すると梅乃ちゃんは一旦自分の膝元に視線を落とした。もぞもぞと両手をすり合わせながら何やら思案顔である。何度も息を吸い込んで、何か言葉を発するのを躊躇っているようだった。俺が無言で待っているとやがて、とうとう彼女は覚悟を決めたようで、真っすぐな視線をこちらへ向けてくる。
「あの、無理を承知でお願いしたいことがあるんです……」
やめて、そんな潤んだ瞳でこちらを見つめられたら、何でも言うこと……。おっと危ない。そう何度も同じ手には乗りませんよ、俺は。再び気を引き締め直す。
「とりあえず聞くから、言うだけ言ってみて」
でも、出来る限りその覚悟は優しく受け止めたいと思う。俺に出来ることであれば。
「あの、テスト前だけでいいので花凛たちの先生もしてもらえないでしょうか?」
「へ? 先生をする?」
「その、花凛や美月にも勉強を教えてあげてほしいんです。それで、テスト前だけ私の授業の回数も少し増やしてもらって……」
「ちょと待って……」
どうにも梅乃ちゃんの困った顔に俺は弱い。だが今回だけは少々無理がありそうだ。俺が逡巡していると、梅乃ちゃんは残念そうに肩を落とした。
「やっぱりダメですよね」
そんな風に言われると、どうしても彼女の頼みをきいてあげたくなってしまう。俺は、鞄からスケジュール帳を取り出し、予定を確認した。やっぱり、厳しいなぁ……。
今の梅乃ちゃんの授業ですら、俺が使える時間はめいいっぱい使っているのだ。
しかし、予定を確認する俺の仕草が、梅乃ちゃんにかすかな希望を抱かせてしまったようで。ここぞとばかりに彼女は自分の想いを打ち明ける。
「……(もっと授業を)してほしいんです先生。だめ、ですか?」
「いや、だって、そんなにしたら俺の身体が持たないよ」
「でも、今のままじゃ(勉強量が)全然足りません」
「……」
「あの、回数を増やすのが難しいなら、(私の授業の回数を減らして)その分、一回一回を濃密に……」
「むりむりむり、今より濃密にしちゃったら、今度は梅乃ちゃんのほうがもたないよ。もしかしたら(眠たくなったりして)意識がとんじゃうかも……」
「いえ、私がんばりますから。先生の(授業)なら我慢できますから」
「いや、でも俺は梅乃ちゃんの先生なわけで」
「この際、(誰の)先生とか(誰の)生徒とか関係ありません」
梅乃ちゃんの想いを聞くと、さらになんとかしてあげたくなる。だが、文学部四人分の家庭教師を全て請け負うのは現実的に不可能だ。だったら、中途半端なことをしていないで今までどおり彼女の勉強を全力で手伝うほうがいいのではないか。

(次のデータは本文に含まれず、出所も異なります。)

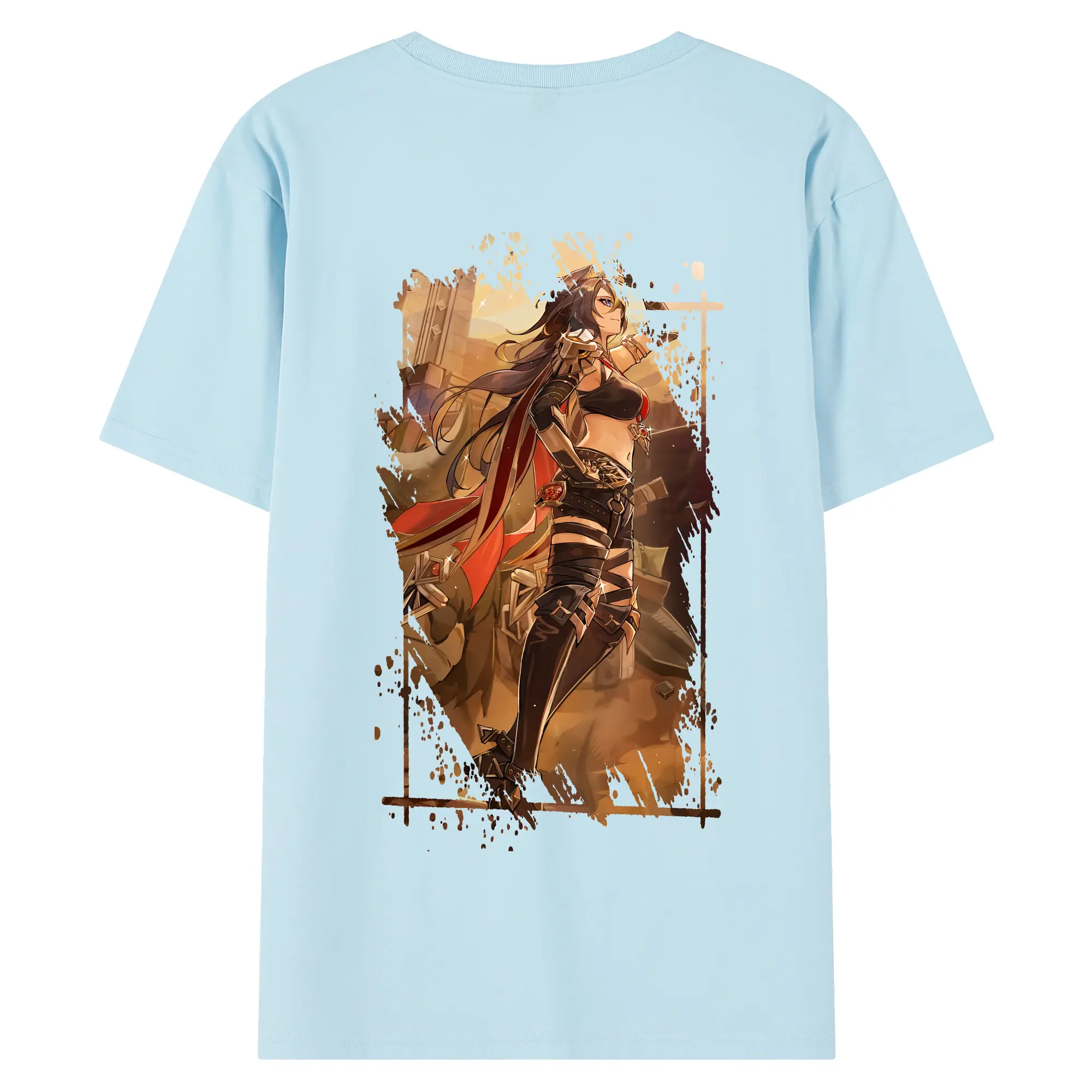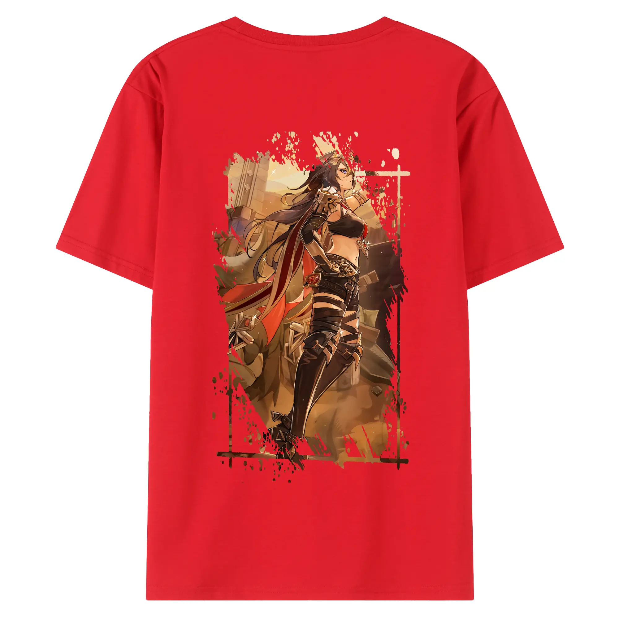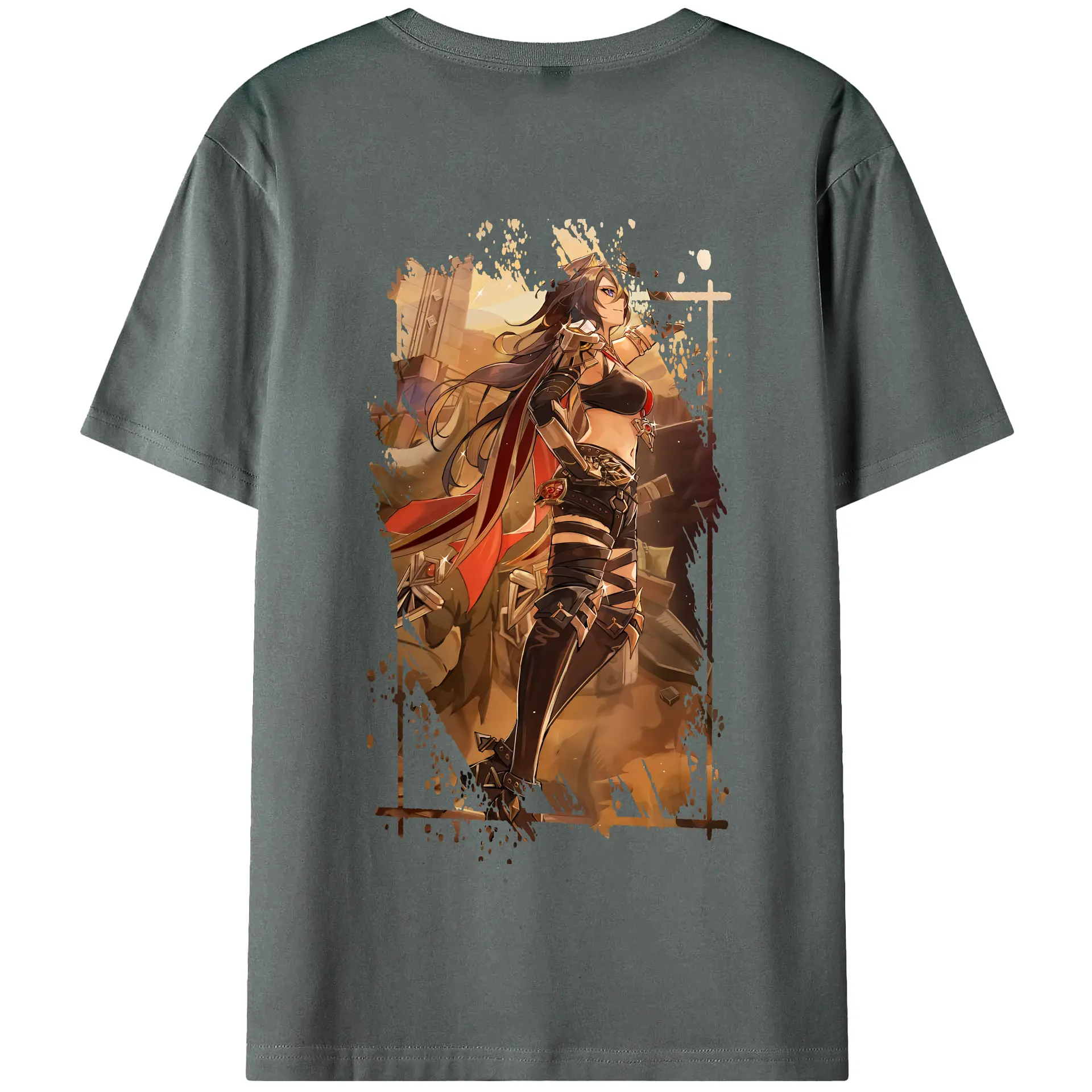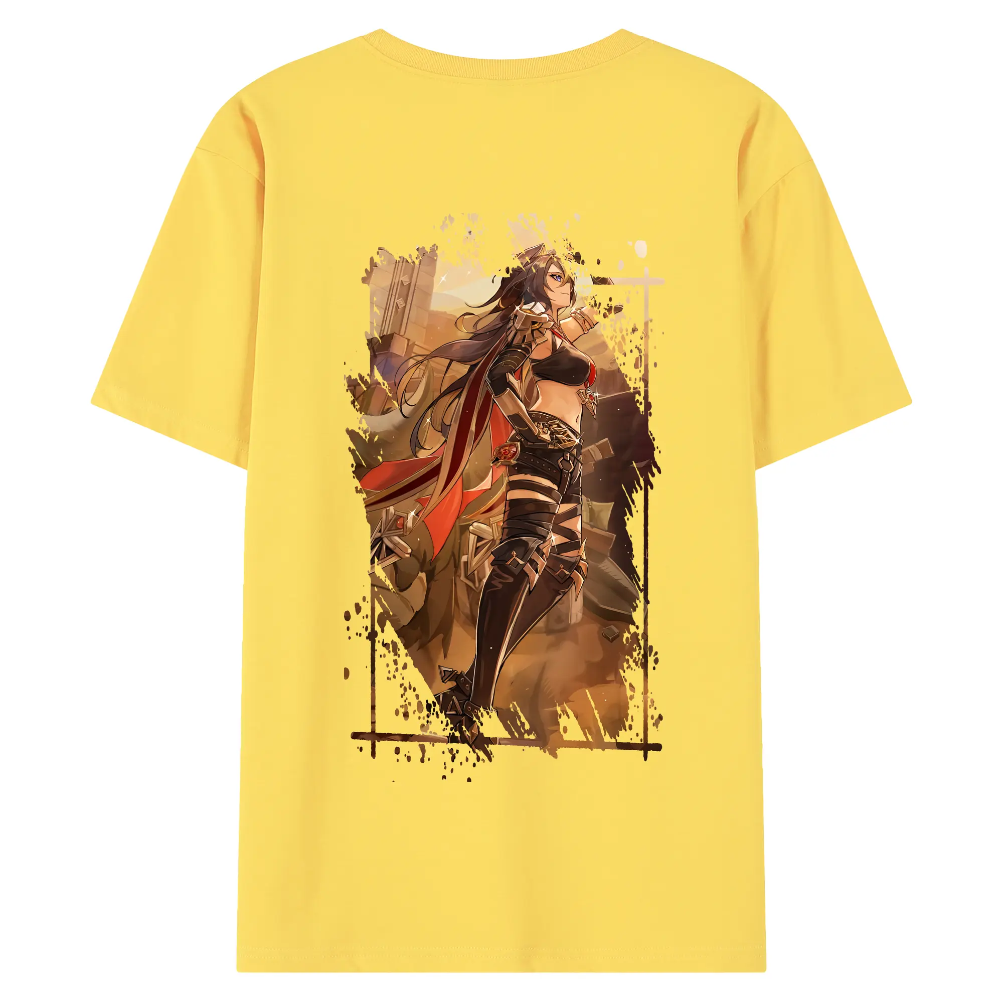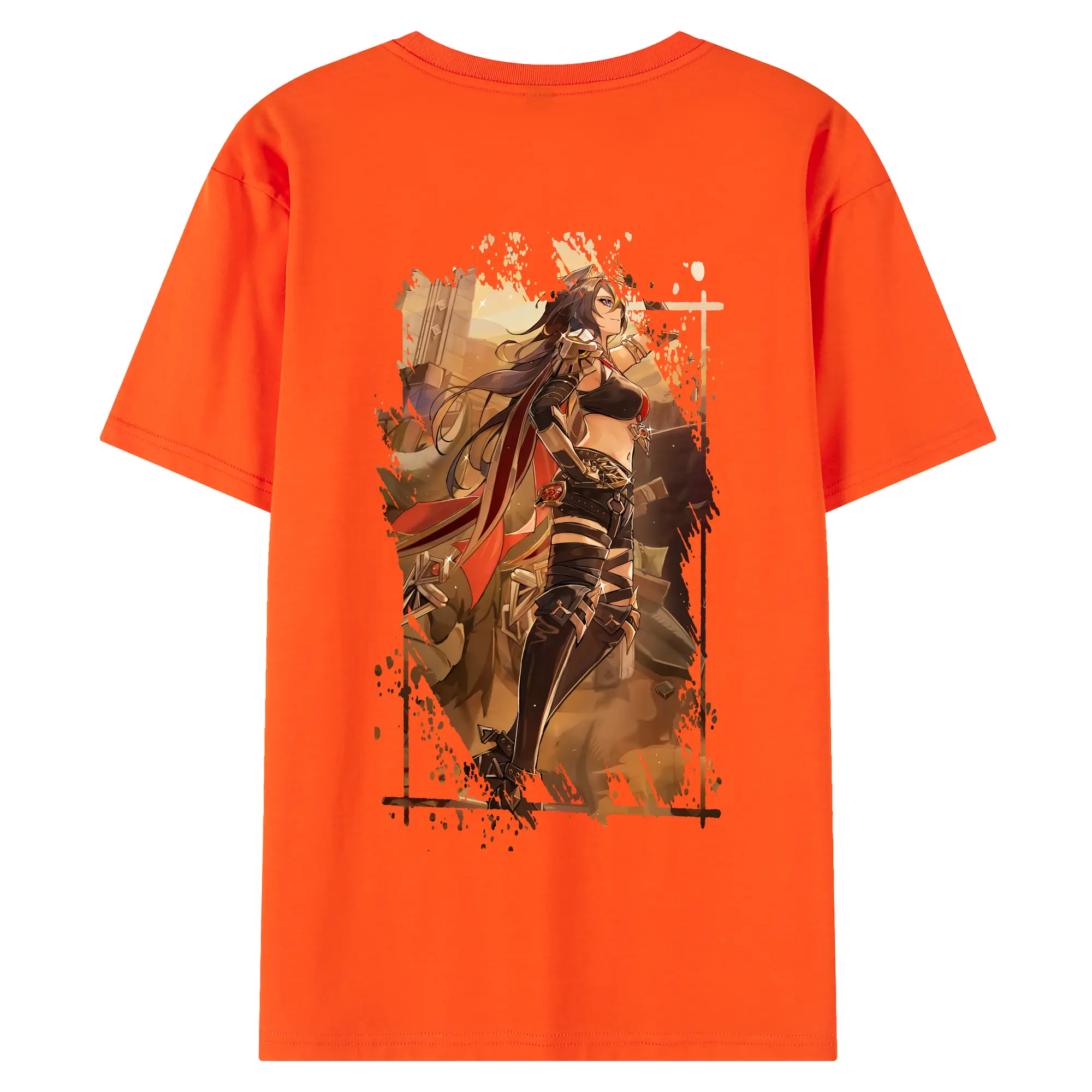 原 神 グッズ ディシア - 綿100% ヴィンテージ風 半袖Tシャツ ・ 背面プリント ・ 柔らか肌触り ・ 通気性 快適 ・ スポーツ カジュアル 外出用

あれ、いや、でも待てよ……。学校も学年も同じで、当然テスト範囲も同じ。ならまだ打つ手はあるんじゃないか……?
俺は覚悟を決めて優しく梅乃ちゃんの肩に両手を乗せた。
「分かった、出来る限りのことはしてみるよ。だけど、俺が四人それぞれの家庭教師をするのは多分無理だ」
「あぅ……そうですよね」
「まあ、そうがっかりしないで、ちょっと提案があるんだけど」
「はい?」
梅乃ちゃんはいつもどおりのかわいらしい仕草で首を傾げる。そんな彼女に俺は自らの策をかみ砕いて説明した。っていうやりとりだからね? プロローグを見て文意を曲解した読者の皆は反省してね?